The Eagles, the last team in the NFL to taste defeat, were simply overwhelmed by their Pennsylvania rivals, who dominated all aspects of the contest. Without their running back, the former Eagle Duce Staley, Pittsburgh turned instead to the veteran Jerome Bettis, and he enjoyed his best performance in three years with 149 rushing yards.
Bettis represents the old, but it is the new that is causing the bigger stir in the steel city. The rookie quarterback Ben Roethlisberger was again outstanding, making all the right reads as he guided his side to an early 21-point lead with the poise of a veteran.
Since replacing the injured Tommy Maddox, the youngster has won all six of his starts, demonstrating the command and experience that has led many to liken him to a young Dan Marino.
"He's remarkable," the Philadelphia linebacker Mark Simoneau admitted. "He doesn't look like a rookie, he looks like a guy who's been around four or five years.
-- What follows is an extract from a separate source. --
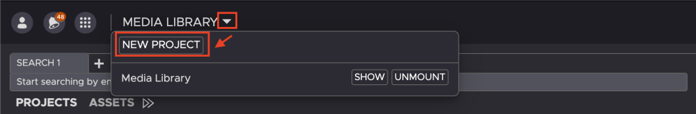 If you already have a project open, the New Project button is not directly visible. Your first have to click on the dropdown icon next to the name of the open project and then click on the New Project button in the project widget.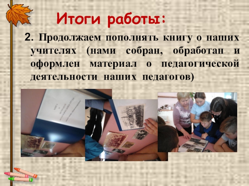 Слайд 31 2. Продолжаем пополнять книгу о наших учителях (нами собран, обработан

He made plays all day long."
Having been bewitched by Roethlisberger last week, the Patriots returned to health by thrashing St Louis 40-22 in Missouri. The defending Super Bowl champions bewildered their opponents, with even the kicker Adam Vinatieri throwing a touchdown pass on a fake field goal attempt.
Both New York teams were undone by unfancied rivals. The Jets were brought down to earth in Buffalo, where the powerful running of Willis McGahee ensured a 22-17 Bills win, while the Giants were surprisingly toppled at home by the injury-plagued Chicago Bears, 28-21.
The big play of the weekend came in Baltimore, where the Ravens' Ed Reed set a record with a 106-yard interception return for a touchdown in the home side's 27-13 triumph over the Cleveland Browns.
The play came at a crucial time, with the Browns threatening to tie the scores late on. Reed, however, correctly read the intentions of the Cleveland quarterback, Jeff Garcia, and his record-setting return made matters safe.
"He seems to always be around when you need it," said Reed's head coach Brian Billick.